_Your instructions_
Could you retype exactly the line containing "因为之前有相关的活动经验,团" and every line after it in the data below, leaving out the pictures?
++++++++++++++++++++
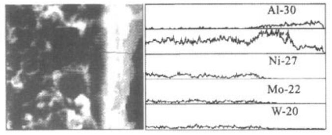 圖5為材料斷面從基體到涂層的各主要元素的線分布。由圖5可見,Al的含量從涂層內(nèi)部到表面逐漸增大,呈現(xiàn)梯度分布特征。
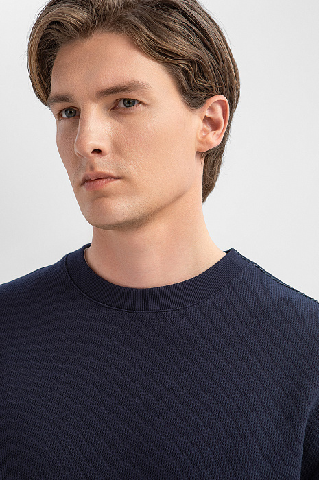 Толстовка KANZLER глубокого синего цвета из лимитированной коллекции — это интерпретация привычной спортивной классики и современного городского стиля, которая создана для тех, кто ценит оригинальный лаконичный дизайн без лишней вычурности. Спереди модель выглядит как традиционная универсальная толстовка: аккуратный круглый вырез горловины и лаконичный крой без лишних акцентов. Спинка с кокеткой и притачным поясом с декоративными патами на пуговицах отсылают к силуэту джинсовой куртки. Такое сочетание создаёт выразительный контраст и подчёркивает уникальность вещи. Толстовка сшита из разных по фактуре и составу смесовых тканей. Перед — плотный эластичный трикотаж, спинка — прочный гладкий материал. Параметры модели: рост 191, 97-77-99 Размер на модели: M
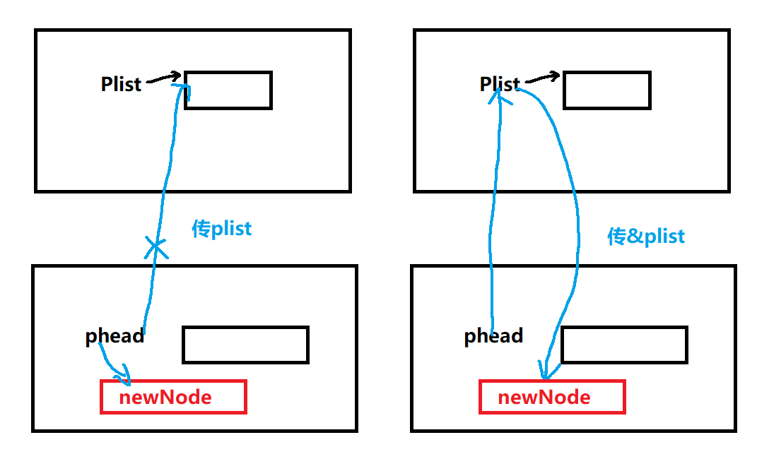 而传递二级指针,SLTPushBack(&plist, 1);phead会指向plist,形参是SLTNode** pphead,申请空间后,将*phead指向新地址,会让plist指向新地址。
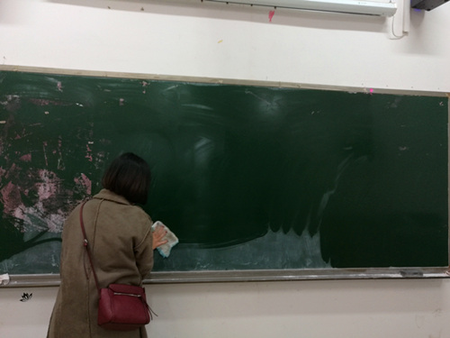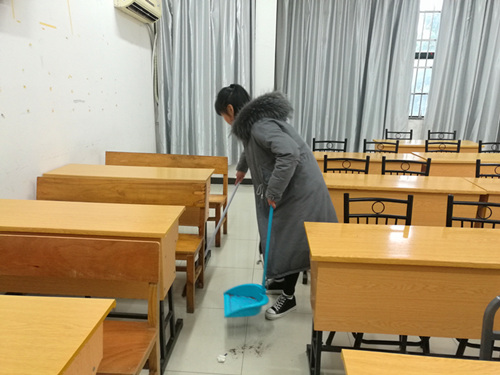 因为之前有相关的活动经验,团学会干事们在部长的指导下,有条不紊地进行工作。大家齐心协力全面打扫教室的各个角落,清理地面上的污渍,扫除教室桌内的纸屑杂物以及讲台上的粉尘,认真细致地擦洗黑板。到处都是专注劳动的身影,热火朝天的劳动景象。在大家的努力下,不到半个小时,部员们就完成了清扫工作。课桌摆放整齐,地板和黑板一尘不染,整个外语楼焕然一新。
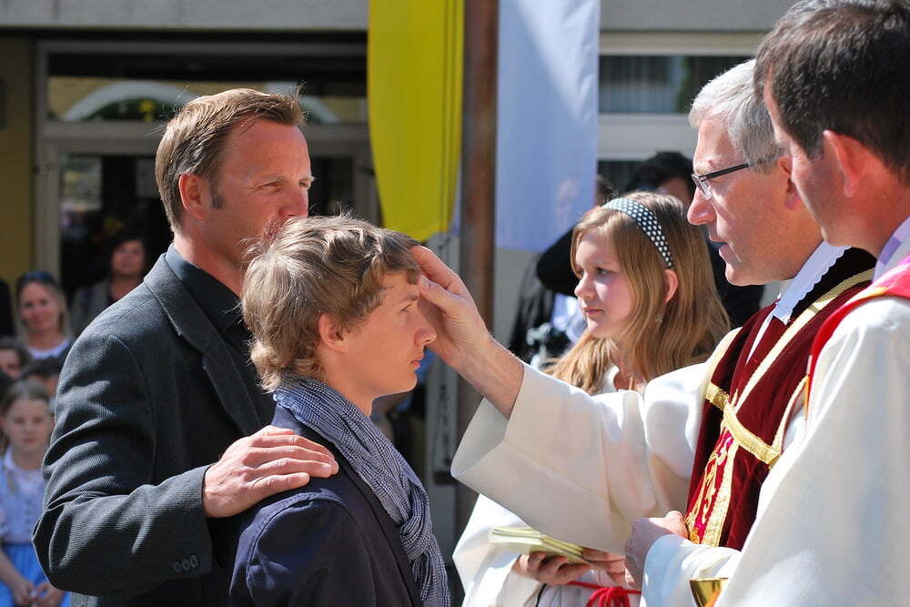Vor Beginn des Firmgottesdienstes begrüßte Pfarrer Bell den Firmspender, den Regens des Priesterseminars, Dr. Johann Hintermaier, der den Firmgottesdienst hielt. In seiner Ansprache knüpfte Johann Hintermaier an die Lesung an, in der berichtet wird, wie die Jünger dem auferstandenen Jesus (den sie aber zuerst nicht erkennen) ausführlich erzählen, was sie bedrückt: Dass ihre große Hoffnung, Jesus, gekreuzigt worden sei. Jesus hört ihnen zu, lässt sie ihren Kummer bei ihm abladen.
++++++++++++++++++++
_Answer_
 因为之前有相关的活动经验,团学会干事们在部长的指导下,有条不紊地进行工作。大家齐心协力全面打扫教室的各个角落,清理地面上的污渍,扫除教室桌内的纸屑杂物以及讲台上的粉尘,认真细致地擦洗黑板。到处都是专注劳动的身影,热火朝天的劳动景象。在大家的努力下,不到半个小时,部员们就完成了清扫工作。课桌摆放整齐,地板和黑板一尘不染,整个外语楼焕然一新。
Vor Beginn des Firmgottesdienstes begrüßte Pfarrer Bell den Firmspender, den Regens des Priesterseminars, Dr. Johann Hintermaier, der den Firmgottesdienst hielt. In seiner Ansprache knüpfte Johann Hintermaier an die Lesung an, in der berichtet wird, wie die Jünger dem auferstandenen Jesus (den sie aber zuerst nicht erkennen) ausführlich erzählen, was sie bedrückt: Dass ihre große Hoffnung, Jesus, gekreuzigt worden sei. Jesus hört ihnen zu, lässt sie ihren Kummer bei ihm abladen.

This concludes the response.